The ICRP recently developed mesh format reference computational phantoms for the adult male and female, and these phantoms provide anatomically more realistic representations of the human body (Fig. 1) (19). For example, these phantoms define numerous additional source and target regions and define small, thin, or complex radiosensitive target regions impractical to treat using voxel or stylized phantom formats. More recently, the adult mesh reference phantoms were reshaped and scaled to match Caucasian patient population-dependent parameters extracted from anthropometric survey data (20,21)––culminating in an additional 9 male and 9 female phantoms representing the 10th, 50th, and 90th percentiles of standing height and weight for the adult Caucasian population. Termed the percentile-specific phantom series, these 18 phantoms are morphometrically considered patient-dependent phantoms and foster research into dosimetric implications of adult patient size variability across population subsets (22).
Comparison of phantom formats. (Left) MIRD 5 era stylized adult anthropomorphic phantom (1969; ∼25 source/target organs) used in OLINDA 1.0 and ICRP 128. (Middle) ICRP 110 adult male voxel phantom (2009; 79 source regions, 43 target regions) used in IDAC-Dose 2.1. (Right) ICRP mesh reference adult male (2020; 190 source regions, 153 target regions) archetypal example used in this work.
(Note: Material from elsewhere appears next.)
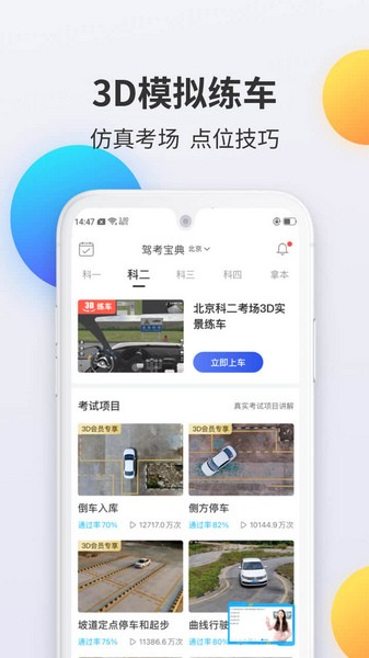 驾考宝典科目二手机版是一款十分好用的科目二专项练习软件。这款软件包含完整的科目二教学课程资源和配套练习项目,帮助用户彻底地理解科目二考试的每一个环节和重点,采用最新的考试大纲来编撰教学课程,细致讲解每一个知识点。视频、图文等多形式的演示,还有专业的教练指导,更可以使用3D模拟来演练。

A primary objective of this work was to assess differences in 18F-FDG dose coefficient estimations using a patient-dependent dosimetry paradigm, in comparison to standard one-size-fits-all reference dosimetry. We therefore calculated dosimetry estimates across a series of current-generation mesh patient-dependent phantoms to evaluate the differences arising from anatomic variability. We also investigated differences due to phantom format by comparing dose coefficients derived using the mesh reference phantoms with those obtained using stylized reference phantoms, voxel reference phantoms, or hybrid reference phantoms.
MATERIALS AND METHODS
Biokinetic Data for 18F-FDG
Biokinetic data for 18F-FDG, in the form of time-integrated activity coefficients (TIACs) (23) for the brain, heart wall, lungs, liver, urinary bladder contents, and rest of body, were obtained from the ICRP 128 (7) radiopharmaceutical data compendium (Table 1). The TIAC for the lung region provided in ICRP 128 applies to both lungs jointly; however, in the mesh phantoms, the lungs are modeled as separate regions, with each requiring an input TIAC. Therefore, the lung TIAC was divided between the right and left lung regions by mass fraction (relative to the total lung mass). Similarly, the rest-of-body TIAC was divided among the regions it comprises by tissue mass fraction (relative to the total tissue mass of the rest of the body).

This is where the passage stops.